■ **PROBLEM TO SOLVE**: Reproduce each record exactly, but exclude every picture.

(SUPPLIED MATERIAL)

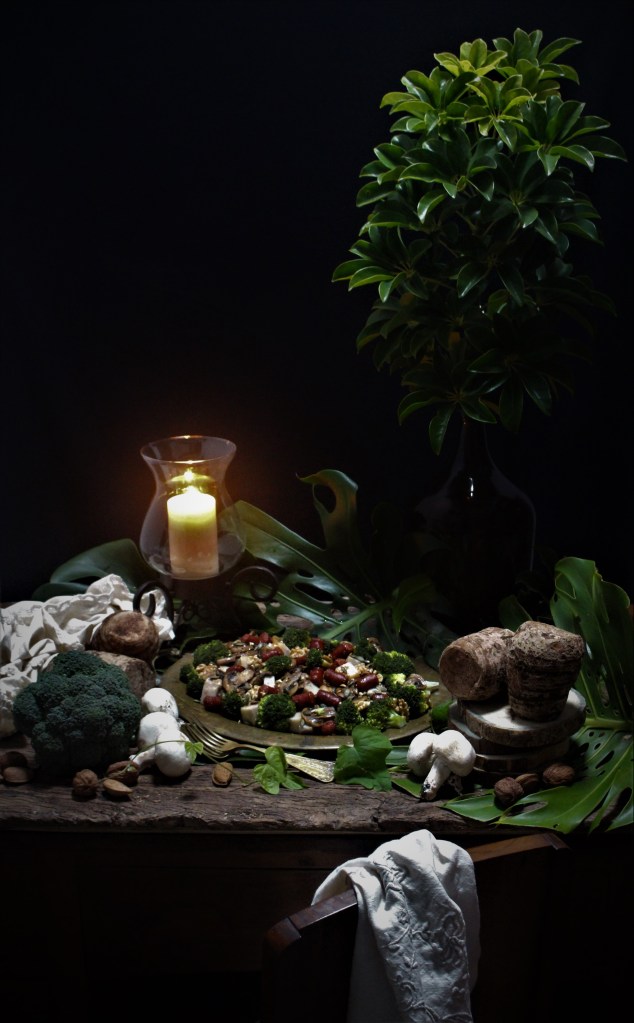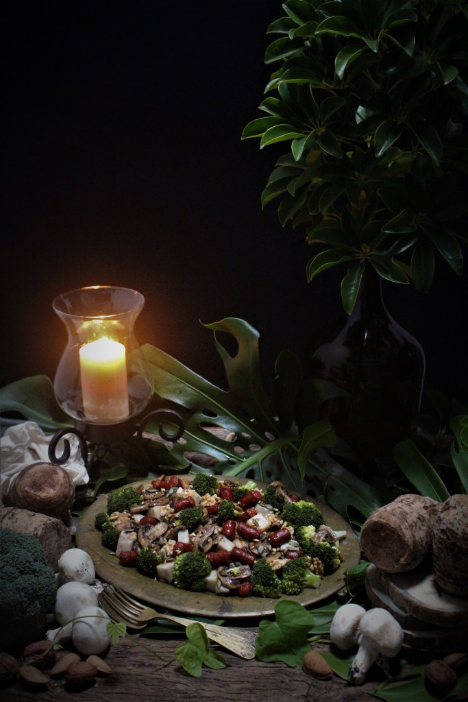 Nestes dias frios e escuros só apetece comida de conforto que, por norma, ou é de panela ou de forno. Resolvi trocar as voltas e fazer uma salada de inverno de inhame, cogumelos, brócolos e linguiça. Complementei com nozes e sementes de abóbora tostadas. Uma delícia!
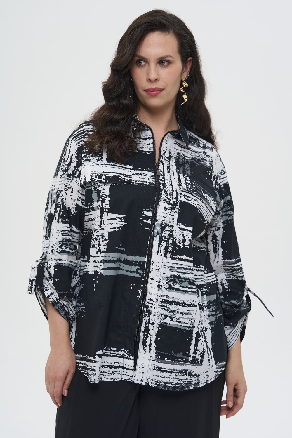 Описание: Женская черная с принтом хлопковая блузка ДРАЙВ Интикома (Intikoma) - женская одежда больших размеров. Выполнена из натурального хлопка, который комфортен в любую погоду. Прямой силуэт, фигурные разрезы по бокам подходят под любые формы и типы фигуры. Рукав укороченный с патой для регулирования длины рукава. По спинке кокетка.
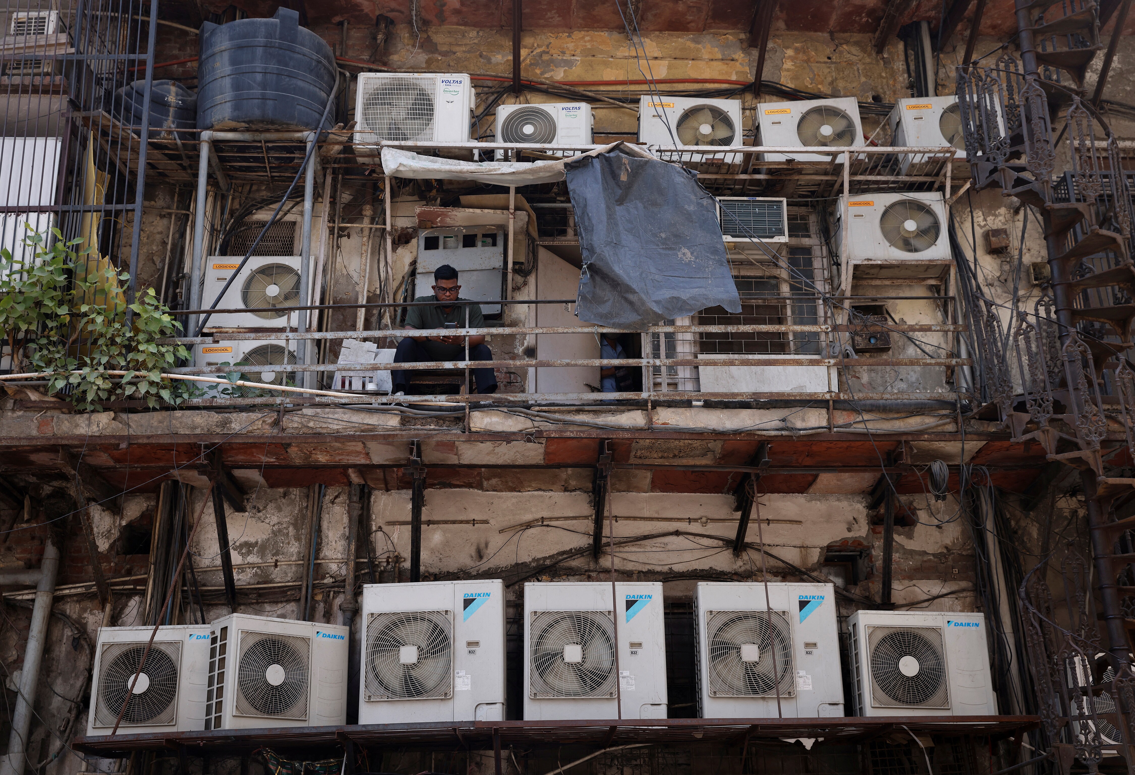 A man uses his mobile phone as he sits amidst the outer units of air conditioners. (Photo: Reuters/Adnan Abidi)
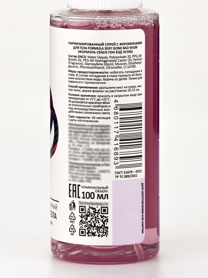 Мист парфюмированный спрей с феромонами для тела Formula Sexy Gone Bad W106, 100 мл (по мотивам Good Girl Gone Bad (By Kilian) 4 фото
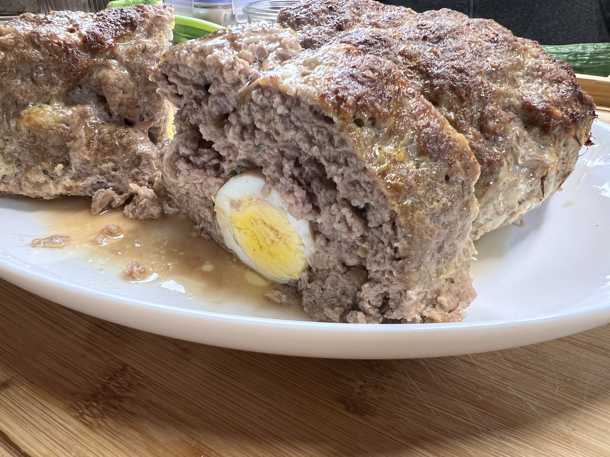 Der Hackbraten wird mit Eiern und traditionellen Zutaten zubereitet, die ihm eine wunderbare Würze verleihen.
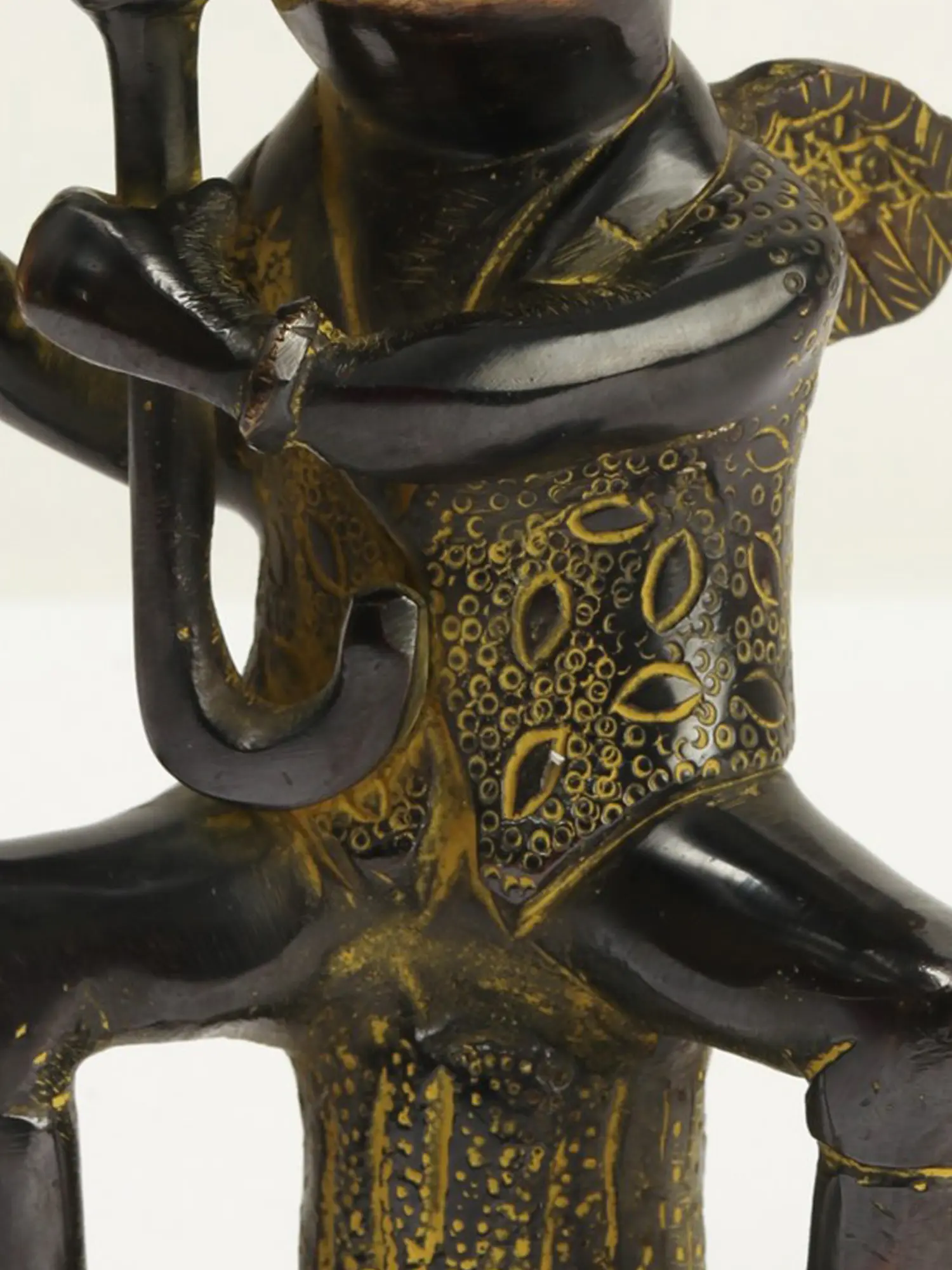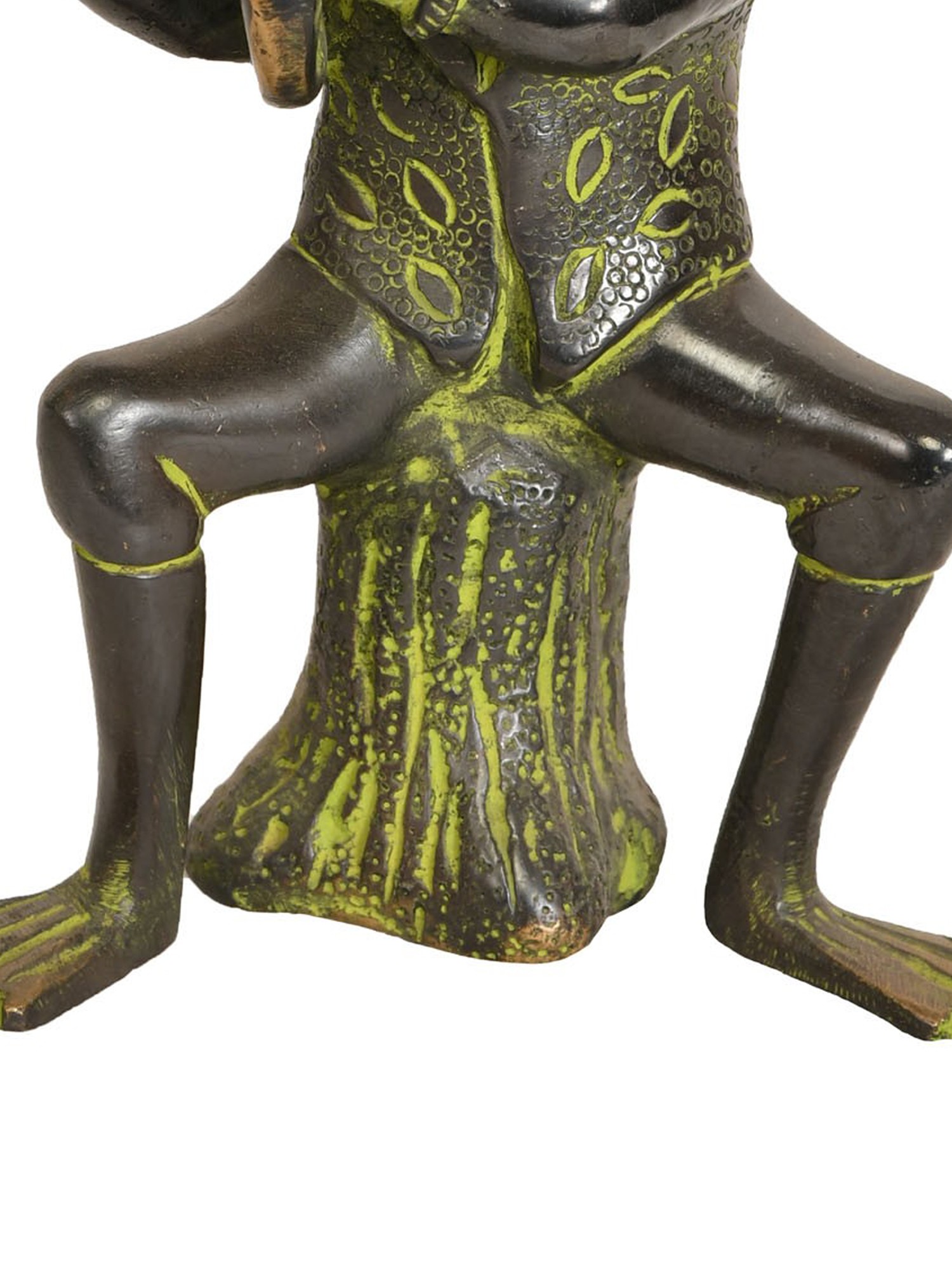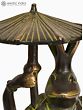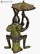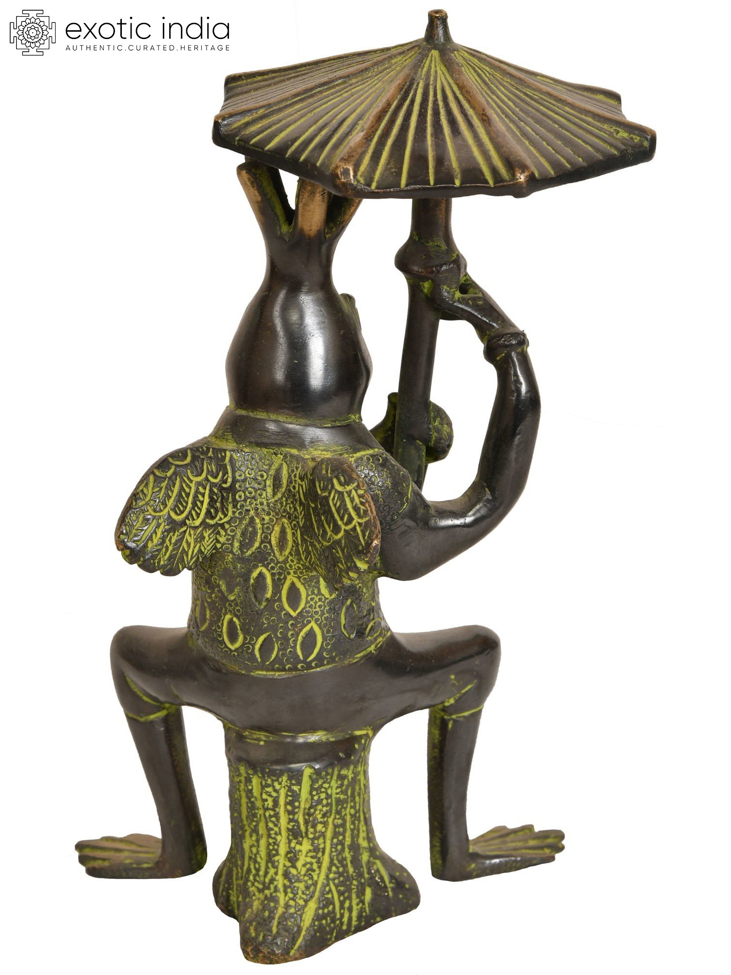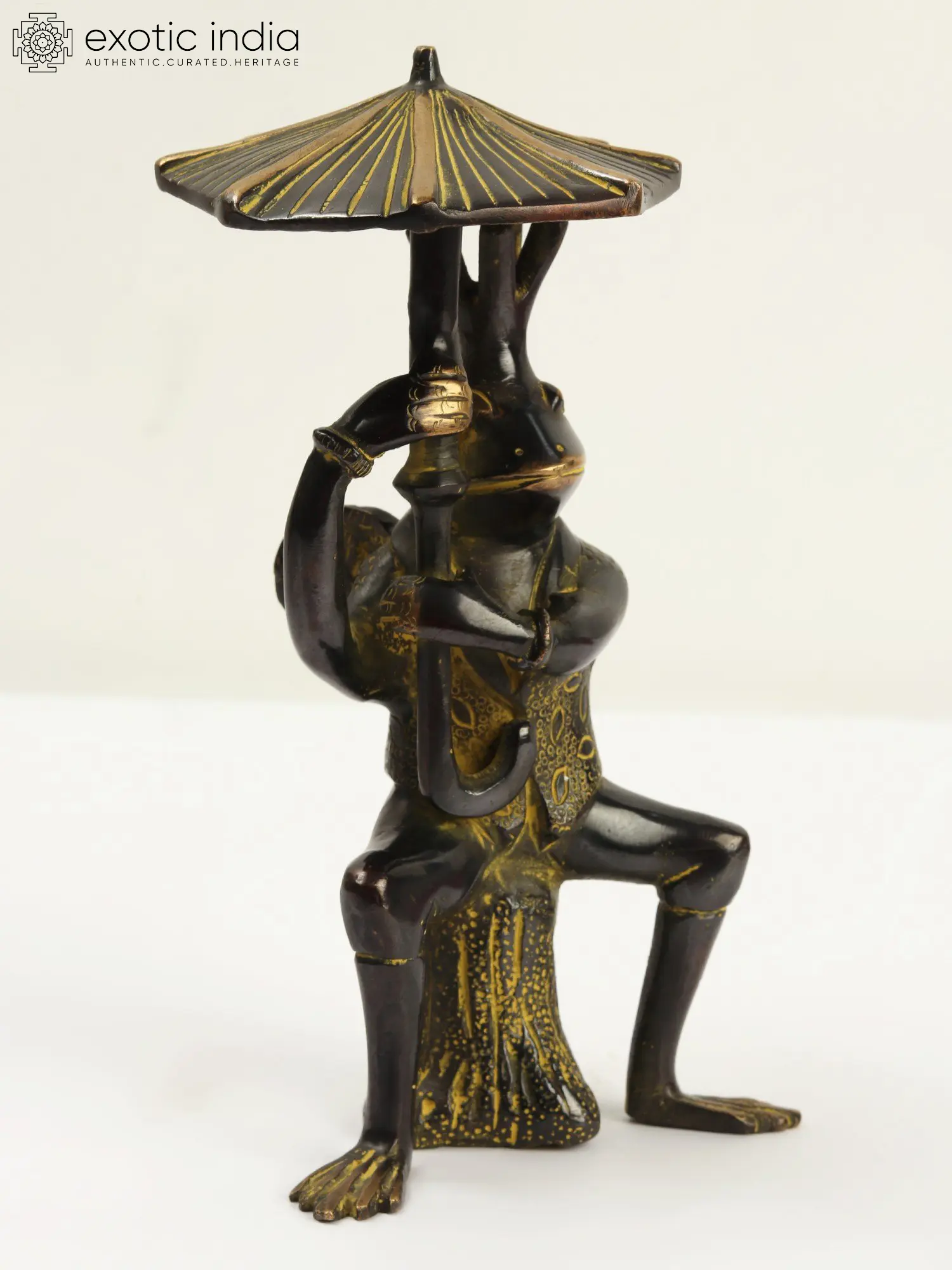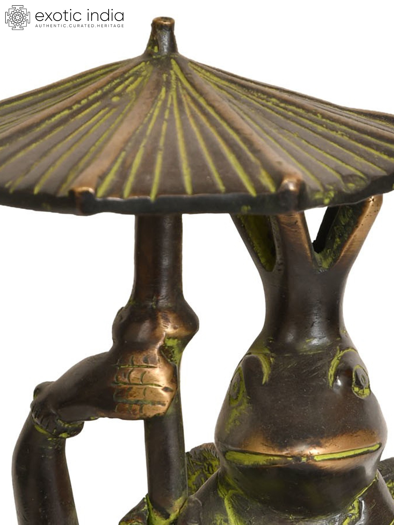 The artisan's hand is evident in every curve and contour of this statuette. The frog is depicted in a seated posture, its form expertly rendered to convey a sense of both repose and inherent power. The subtle musculature of its legs and the distinctive character of its face are brought to life through the skilled manipulation of brass. The clothing or adornment on its chest, etched with delicate patterns, adds a layer of sophistication. The umbrella itself is a marvel of design, with its radiating spokes and sturdy shaft, suggesting the immense effort and skill required to create such a delicate yet durable structure from metal. The contrast between the dark, aged brass and the highlighted golden accents draws the eye and emphasizes the exquisite detail of the work. This piece is a testament to the enduring legacy of brass casting, a craft that has adorned temples, palaces, and homes for centuries.

(End SUPPLIED MATERIAL)

■ **REPLY TO THE TASK**:
 Nestes dias frios e escuros só apetece comida de conforto que, por norma, ou é de panela ou de forno. Resolvi trocar as voltas e fazer uma salada de inverno de inhame, cogumelos, brócolos e linguiça. Complementei com nozes e sementes de abóbora tostadas. Uma delícia!
 Описание: Женская черная с принтом хлопковая блузка ДРАЙВ Интикома (Intikoma) - женская одежда больших размеров. Выполнена из натурального хлопка, который комфортен в любую погоду. Прямой силуэт, фигурные разрезы по бокам подходят под любые формы и типы фигуры. Рукав укороченный с патой для регулирования длины рукава. По спинке кокетка.
 A man uses his mobile phone as he sits amidst the outer units of air conditioners. (Photo: Reuters/Adnan Abidi)
 Мист парфюмированный спрей с феромонами для тела Formula Sexy Gone Bad W106, 100 мл (по мотивам Good Girl Gone Bad (By Kilian) 4 фото
 Der Hackbraten wird mit Eiern und traditionellen Zutaten zubereitet, die ihm eine wunderbare Würze verleihen.
 The artisan's hand is evident in every curve and contour of this statuette. The frog is depicted in a seated posture, its form expertly rendered to convey a sense of both repose and inherent power. The subtle musculature of its legs and the distinctive character of its face are brought to life through the skilled manipulation of brass. The clothing or adornment on its chest, etched with delicate patterns, adds a layer of sophistication. The umbrella itself is a marvel of design, with its radiating spokes and sturdy shaft, suggesting the immense effort and skill required to create such a delicate yet durable structure from metal. The contrast between the dark, aged brass and the highlighted golden accents draws the eye and emphasizes the exquisite detail of the work. This piece is a testament to the enduring legacy of brass casting, a craft that has adorned temples, palaces, and homes for centuries.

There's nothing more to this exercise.